INSIDE STORY: Knightfall and her crew try to recruit Batgirl to kill bad guys, but Batgirl refuses, whereupon they try to kill her. Detective Melody McKenna, who hates Batgirl and works for Batgirl's father Commissioner Gordon, saves Batgirl and explains Knightfall’s backstory. Detective and Batgirl are getting along nicely, until they’re not.
McKenna wants to know who Batgirl is working for. Batgirl wants to know what McKenna is working on.
As they fight inside McKenna's house, Batwoman lurks outside. We know who she works for: the DEO.
Vedddddy Interesting.
RAMBLE: Why talk Bats when everyone’s talking Con? Every third person filling my twitter feed is either at San Diego Comic Con or wishing they were.
SDCC is the mama of all Comic Cons, the uber-Con, the Taj MaCon. But other than massive amounts of famous, semi-famous, and niche-famous people and, presumably, tons of cosplay and panels … why are comic cons the end all and be all?
I just lost 2 of my 3 subscribers. Click. Click.
I had a great time at Boston Comic Con. I loved the DC artists’ panel, I thrilled at meeting Cliff Chiang, and I wowed watching Francis Manapul at work. I will go again. Stranger in a Familiar Land and I are going to NYCC in October and, I hope, to Coast City Comic Con (Portland, Maine) in November.
I’m expecting size differences: bigger or smaller crowds, more or fewer vendors, greater or lesser numbers of panels. But flavor differences? Less sure. You’ve seen one group of 20-somethings strutting the halls dressed as Birds of Prey, you’ve seen them all, right?
Not so the comic book store.
I have a personal relationship with my comic book store. The staff knows my kids, they answer my ignorant questions, they advise with intelligence, and rejoice when I rejoice in a new read. I’m not squished, I’m not rushed, and I’ll never in a million years read it all.
Harrison’s pop happiness stretches long, beginning on Essex Street in Salem, kitty-corner from a cheesy statue of Samantha Stephens my kids think is an anthropomorphic jungle gym. Busy windows full of bobbleheads and neon pull in the tourists and locals. The store is full of how-to-draws and lunchboxes and old comics and new comics and stickers and magnets and t-shirts and figurines and Japanese candy and smelly erasers and, at the front counter, an annoying button that says NO 100 different ways.

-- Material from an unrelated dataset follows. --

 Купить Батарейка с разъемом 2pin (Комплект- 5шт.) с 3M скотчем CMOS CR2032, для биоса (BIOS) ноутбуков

Two hours southwest of Harrison’s, in old milltown Putnam, Conn., Wonderland Comics sits at the bottom of a street-level stairway and below a row of antique stores. More squat and square than Harrison’s, Wonderland is equally, happily stuffed to the gills. The store boasts a knowledgeable and friendly staff, offers not-so-much for the kids, and houses a strange, slightly scary bathroom with mildly pornographic wall art.
Charlie’s Comics in North Conway, NH: different yet again, and depressingly so. If Harrison’s is Tutti Frutti and Wonderland is Cosmic Cherry Pop, Charlie’s is Imitation Vanilla, poorly stocked, unenthusiastically staffed, and miserably stuck at the lonely end of a shabby, deserted strip mall surrounded by blandly perky outlet malls.

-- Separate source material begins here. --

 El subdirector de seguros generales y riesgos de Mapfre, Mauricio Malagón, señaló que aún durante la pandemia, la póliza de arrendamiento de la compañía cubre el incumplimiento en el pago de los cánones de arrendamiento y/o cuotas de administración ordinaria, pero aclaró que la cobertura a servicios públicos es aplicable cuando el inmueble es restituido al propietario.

I hope to visit Westside Comics when I’m in Vermont later this month, and I’ve got two Wednesday trips to Wonderland coming up in August. I've got serious decisions to make when I'm in New York for NY Comic Con in October, and I'm hoping to hit Portland, Maine's Coast City Comics and the Coast City Comic Con in November.
I know what to expect from the comic cons, and I’m looking forward to them. I have no idea what to expect from the comic book stores, and I can’t wait.